No, the octave runs are sampled like that. But some of the other stuff, including a run down, is multisampled staccatos.


----------



## Ed (Feb 15, 2005)

Yea Simon I really like this!. The mix is really realtisic to my ears as well.

If I want to be really nitpicky the trumpets sound a little strange at one point.  

Ed


----------



## Craig Sharmat (Feb 15, 2005)

Simon, really nice writing!, but your sounds suck...


----------



## Ed (Feb 15, 2005)

OMG Simon, you are so goingto be banned to for that!! :twisted: :twisted:


----------



## choc0thrax (Feb 15, 2005)

Simon after upgrading to GPO do you mind sending those custom samples of yours over to me? Hell i'd even give you 8 dollars for them! 8 dollars canadian though...


----------



## Simon Ravn (Feb 15, 2005)

Choco - that's ok. I won't charge you more than the shipping costs though.


----------



## rJames (Feb 15, 2005)

Great job, Simon. Can I ask a question?

How do you block out a piece like this? Do you lay down some chords on piano or another instrument and then bit by bit fill in the orchestra and take away the piano track.

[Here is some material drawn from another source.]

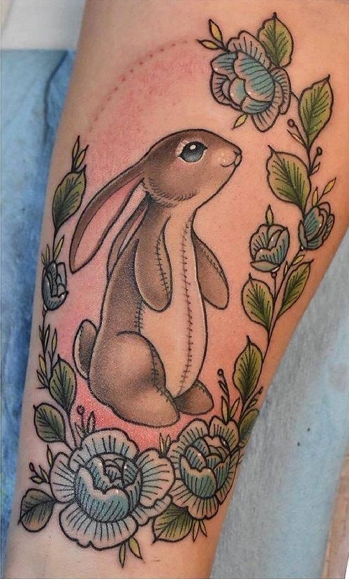 With its stitched belly and upright pose, this piece channels the Velveteen magic—the moment a beloved toy becomes real through love. Surrounded by vintage-style blooms, the rabbit looks hopeful and well-loved, a design that carries tenderness without turning sugary. It’s quietly radiant on the forearm, peeking from rolled sleeves like a little secret story. Trend note (2025): Story-driven tattoos are everywhere, and plush-inspired bunny motifs are leading the charge. Pairing soft toy details with garden elements keeps it timeless. Ask your artist for muted greens, dusty petals, and a fine stencil so edges stay neat; the look bridges minimalist roots with classic illustration for long-wearing charm.

Or do you have melodic ideas that form the piece, section by section and then you harmonize? 

Or what? How do you create the foundation?


----------



## Simon Ravn (Feb 15, 2005)

rJames - hard to say, but I don't do a piano score of it. And I usually don't play in any chords, I mostly choose which instrument is the next prominent in the next bars and do that first, then the rest. Usually I do the most "important" instrument, then maybe some brass chords, then the double basses if they are playing. It varies a lot how I do it and usually I am not really sure how I got from A to B when I am done with it.


----------



## rJames (Feb 15, 2005)

I'm just wondering how you build up your structure to keep everything sounding clean throughout.

Sounds like its all by ear, then? Put in one part and then just put in the rest of the parts until you're done? Do you finish a section before you go on? Or do you rough-in the whole piece?

Is there any point where things might be so complex that you have to go back and analyze where you are? Or is your ear good enough to keep everything clear?

Hope I'm not being a bother, just interested in your techniques.


----------



## choc0thrax (Feb 15, 2005)

I believe Simon first has to decide which Williams score will most likely fit the sound that he wants to achieve then he can pull out his signature scores and go from there! Throw in some random notes and voila! :D Awww I have to pay for shipping??? Hmmm starting to doubt if it's even worth it!


----------



## Craig Sharmat (Feb 15, 2005)

Ed said:


> OMG Simon, you are so goingto be banned to for that!! :twisted: :twisted:



Damm! I never get to ban anyone...:(


----------



## Evan Gamble (Feb 16, 2005)

Simon Ravn said:


> Craig - I know. I will be replacing everything in my template with GPO soon.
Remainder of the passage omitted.